Some macOS improvements in bootstrap launcher and test app for codesigning

[markcmiller86]

Description

1. Fixes security weaknesses in the macOS, Mach-O binary launcher (see below).
2. Improves the test app used to exercise codesigning and notarization tests apart from masonry build script

I asked ChatGPT to evaluate the macOS launcher (thats the thing that gets executed in response to double clicking the VisIt icon on the mac). It is what turns around and starts the normal VisIt startup scripts. It is also the critical macOS "thing" that macOS security system uses to manage permissions given by the user, etc. ChatGPT found a number of issues with my original, bare-bones coding of this bootstrap and then provided an improved version which I ran and tested a few different ways.

• argv[0] is not trustworthy. It is not guaranteed to be the true on-disk path of your executable. A caller can set it to essentially anything when invoking your program. So deriving your bundle-relative launcher path from argv[0] is not a secure way to identify “where the app really lives.”
• Concatenating raw arguments into a shell command string is classic command injection.
• Using a shell also means behavior depends on environment and shell parsing rules. That is broader attack surface than necessary.
• In normal Finder double-click launch, argv[0] will probably often look sane enough that this works most of the time. But “works most of the time” is not the same as “safe,” especially once users can also launch from Terminal, scripts, wrappers, symlinks, or other tooling.
• If your bundled Resources/bin/visit script can itself be modified post-install in some deployments, then this stub becomes a trusted gateway into untrusted content. Whether code signing and bundle sealing fully protect you depends on exactly how the app is packaged, signed, installed, and updated.
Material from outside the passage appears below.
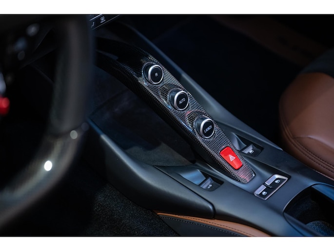 Dit rijk uitgeruste exemplaar is af fabriek van de volgende opties voorzien: "Daytona Style" stoelen, 20" Forged velgen in Grigio Corsa Matt, Adaptive Frontlight Systeem, Alcantara centrale gedeelte stoelen in Nero, Alcantara deurpanelen in Nero, Alcantara onderzijde dashboard in Nero, Apple Carplay, Carbon Fibre bestuurderszone + LEDS, Carbon Fibre centrale tunnel, Carbon Fibre dashboard inzetstukken, Carbon Fibre deurhendels, Carbon Fibre diffuser achterzijde, Carbon Fibre dorpels buitenzijde, Carbon Fibre instaplijsten, Carbon Fibre inzetstuk voorbumper, Carbon Fibre naafdoppen, Carbon Fibre onderste gedeelte achterbumper, Carbon Fibre voorspoiler, Comfortstoelen inclusief geheugen en verwarming, Dodehoek detector inclusief Cross Traffic Alert, Ferrari logo geborduurd op hoofdsteun in kleur Nero, Lederen inzetstukken interieur in Terra Bruciata, Liftsysteem aan voorzijde, Omgevingscamera, Premium Hi-Fi systeem, Scuderia Ferrari Logo's, Stiksels in Nero, Uitlaat Nero, Vloermatten met geborduurd Logo en Zwarte ringen rond luchtroosters op dashboard.

The test app for testing codesigning and notarization suffered some similar issues. In particular, it was NOT a Mach-O binary and was instead a python script. That doesn't really suffice for testing all the macOS codesigning stuff. So, I've fixed that too by making it a bona fide, clang-compiled, Mach-O binary which also puts up a dialog box when run via double-click.

Type of change

• Bug fix~~
• [ ] New feature
• [ ] Documentation update
• [ ] Other

How Has This Been Tested?

Reminders:

• Please follow the style guidelines of this project.
• Please perform a self-review of your code before submitting a PR and asking others to review it.
• Please assign reviewers (see VisIt's PR procedures for more information).

Checklist:

• I have commented my code where applicable.~~
• [ ] I have updated the release notes.
• I have made corresponding changes to the documentation.~~
• I have added debugging support to my changes.~~
• [ ] I have added tests that prove my fix is effective or that my feature works.
• [ ] I have confirmed new and existing unit tests pass locally with my changes.
• [ ] I have added new baselines for any new tests to the repo.
• [ ] I have NOT made any changes to protocol or public interfaces in an RC branch.

[markcmiller86]

This is the compiled, Mach-O binary. I don't think we need to commit this. It is compiled by test_notarize.py from testdmgnot.c.

[markcmiller86]

This has changed because the app being used to test notarization has changed. However, if the codesigning process includes time-stamping information of any kind (which it almost certainly does), the sha256 hash on this file is almost always going to change when someone runs test_notarize.py. I think that is fine though.